- [INSTRUCTIONS TO FOLLOW]: Your answer must be an exact transcription of the data, with every picture omitted.

- [STORED DATA]:
>>

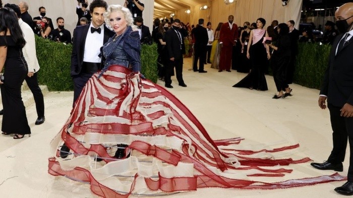 La alfombra roja más esperada y estelar del mundo de la moda se desplegó este lunes en Nueva York.La Met Gala -o la gala del Instituto del Traje del Museo Metropolitano de Arte de Nueva York (Met, por su sigla en inglés)-, reunió a algunas de las celebridades más conocidas del planeta.El evento, que suele celebrarse el primer lunes de mayo, regresó tras haber sido cancelado el año pasado debido a la pandemia de coronavirus.Y aunque sus famosos invitados debieron cumplir las normas para evitar la propagación del covid, incluido el uso de mascarillas en interiores, muchos no se resistieron a buscar el glamour total.El tema del vestuario de este año es "En América: un léxico de la moda", y los looks se inspiraron en todo tipo de cosas, desde la franquicia cinematográfica Matrix hasta la Estatua de la Libertad.El evento tuvo como coanfitriones a la estrella del pop Billie Eilish, la tenista Naomi Osaka, el actor Timothée Chalamet y la poeta Amanda Gorman.Uno de los looks más comentados de la noche fue el de Kim Kardashian, quien cubrió su rostro y cuerpo con un traje negro.El diseño personalizado fue ideado por Demna Gvasalia, directora creativa de la casa de moda Balenciaga.La ganadora de 23 Grand Slam, Serena Williams, fue más colorida, vistiendo un mono con lentejuelas de estrellas debajo de una capa rosa cargada de plumas.Otros asistentes portaron accesorios llamativos para acompañar sus atuendos.Sin una explicación aparente, el cantante Frank Ocean llevaba un bebé robótico verde, mientras que la cantante Grimes blandía una espada.Entre las últimas en llegar a la Gala estuvo Rihanna, quien acaparó la atención del espectáculo en eventos pasados, con atuendos que incluyen un disfraz inspirado en el Papa en 2018.La cantante y empresaria llamó la atención una vez más posando con un abrigo Balenciaga completamente negro, mientras que su novio, el rapero A$AP Rocky, se envolvió en una colcha multicolor.Una celebridad que no estuvo fue la rapera Nicki Minaj, quien dijo que aún no se había puesto la vacuna contra el covid, un requisito para participar en el evento.***Ahora puedes recibir notificaciones de BBC Mundo. Descarga la nueva versión de nuestra app y actívalas para no perderte nuestro mejor contenido.AC
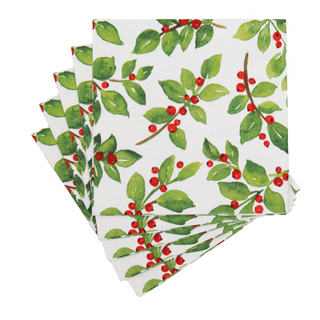 Painted Holly White Recycled Cocktail Napkins - includes 20 Cocktail Napkins
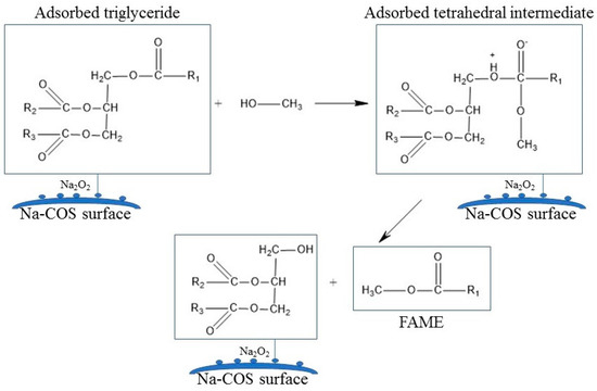 - The transesterification reaction occurred only on the Na-COS surface. The homogeneous transesterification reaction was negligible and thus was not considered.
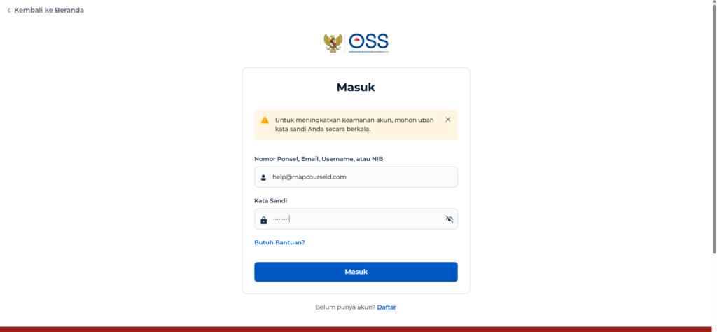 1. Masuk ke Sistem OSS

<<

- [REPLY]:
 La alfombra roja más esperada y estelar del mundo de la moda se desplegó este lunes en Nueva York.La Met Gala -o la gala del Instituto del Traje del Museo Metropolitano de Arte de Nueva York (Met, por su sigla en inglés)-, reunió a algunas de las celebridades más conocidas del planeta.El evento, que suele celebrarse el primer lunes de mayo, regresó tras haber sido cancelado el año pasado debido a la pandemia de coronavirus.Y aunque sus famosos invitados debieron cumplir las normas para evitar la propagación del covid, incluido el uso de mascarillas en interiores, muchos no se resistieron a buscar el glamour total.El tema del vestuario de este año es "En América: un léxico de la moda", y los looks se inspiraron en todo tipo de cosas, desde la franquicia cinematográfica Matrix hasta la Estatua de la Libertad.El evento tuvo como coanfitriones a la estrella del pop Billie Eilish, la tenista Naomi Osaka, el actor Timothée Chalamet y la poeta Amanda Gorman.Uno de los looks más comentados de la noche fue el de Kim Kardashian, quien cubrió su rostro y cuerpo con un traje negro.El diseño personalizado fue ideado por Demna Gvasalia, directora creativa de la casa de moda Balenciaga.La ganadora de 23 Grand Slam, Serena Williams, fue más colorida, vistiendo un mono con lentejuelas de estrellas debajo de una capa rosa cargada de plumas.Otros asistentes portaron accesorios llamativos para acompañar sus atuendos.Sin una explicación aparente, el cantante Frank Ocean llevaba un bebé robótico verde, mientras que la cantante Grimes blandía una espada.Entre las últimas en llegar a la Gala estuvo Rihanna, quien acaparó la atención del espectáculo en eventos pasados, con atuendos que incluyen un disfraz inspirado en el Papa en 2018.La cantante y empresaria llamó la atención una vez más posando con un abrigo Balenciaga completamente negro, mientras que su novio, el rapero A$AP Rocky, se envolvió en una colcha multicolor.Una celebridad que no estuvo fue la rapera Nicki Minaj, quien dijo que aún no se había puesto la vacuna contra el covid, un requisito para participar en el evento.***Ahora puedes recibir notificaciones de BBC Mundo. Descarga la nueva versión de nuestra app y actívalas para no perderte nuestro mejor contenido.AC
 Painted Holly White Recycled Cocktail Napkins - includes 20 Cocktail Napkins
 - The transesterification reaction occurred only on the Na-COS surface. The homogeneous transesterification reaction was negligible and thus was not considered.
 1. Masuk ke Sistem OSS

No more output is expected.